Я похлопал Коломийцева по спине, выбивая соскобленную со стены известку, мы вышли на улицу, и было хорошо глотать свежий, сгущенный морозом воздух после смеси желтого дыма и сладковатого тления лежалых газет.

Наступил вечер, вокруг фонарей повисли туманные шары света. Подтаявший за день снег покрылся ледяной коркой, прохожие скользили, пробегая мимо нас укороченными, быстрыми шажками, и юркали в уютную темноту подъезда.

Сашка требовал все новых подробностей, но на каждом слове прерывал меня и принимался поносить Жабрина. Его бутсы разъезжались в стороны; чтобы не упасть, он то и дело цеплялся за мой локоть. Он все-таки хлопнулся, когда мы переходили дорогу, но тут же вскочил, проверил ощупью стекла очков и налился удвоенной яростью:

— Элементарная скотина!
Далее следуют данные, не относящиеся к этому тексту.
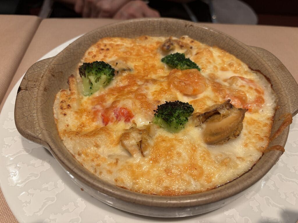 今日は遅いランチで訪問です。通しで空いている百貨店のお店は助かります。シーフードドリアとサラダスープのセットにしました。シーフードの風味が良く出ていて美味しかったです。 (訪問:2025/11/08)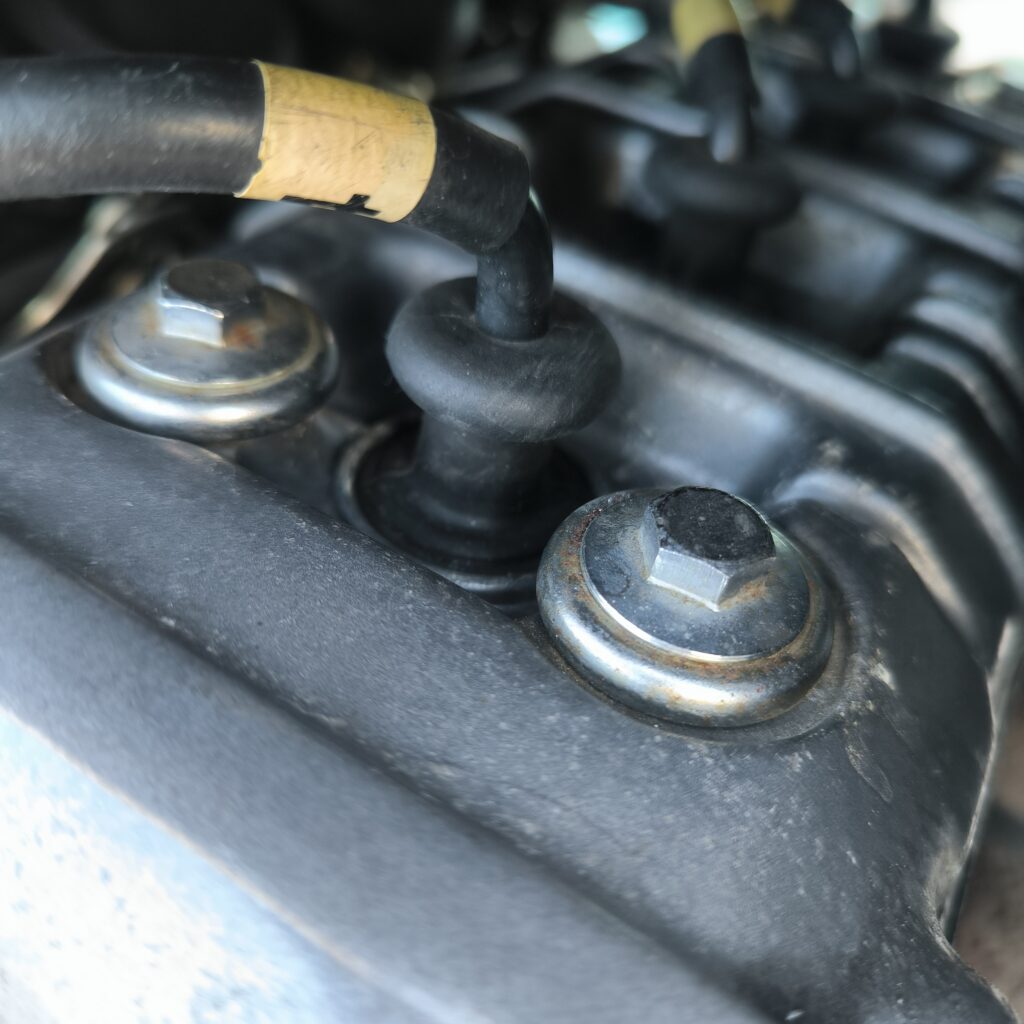 プラグキャップを取り外す前に周辺にゴミや異物がないかを目視で確認、念のために清掃しておきます。

Ты думаешь, он что-нибудь понимает в искусстве?..

Потом он неожиданно смолк. Поблизости от нас, высвеченная витриной магазина, процокала высокими каблучками девушка в кубанке. Сашка толкнул меня, обернулся и проводил долгим взглядом ее тугие, гордые ноги.

— Знаешь, Климушка,— горестно вспомнил он,— вчера мне пришлось продать билеты. Она не пришла. Она — понимаешь?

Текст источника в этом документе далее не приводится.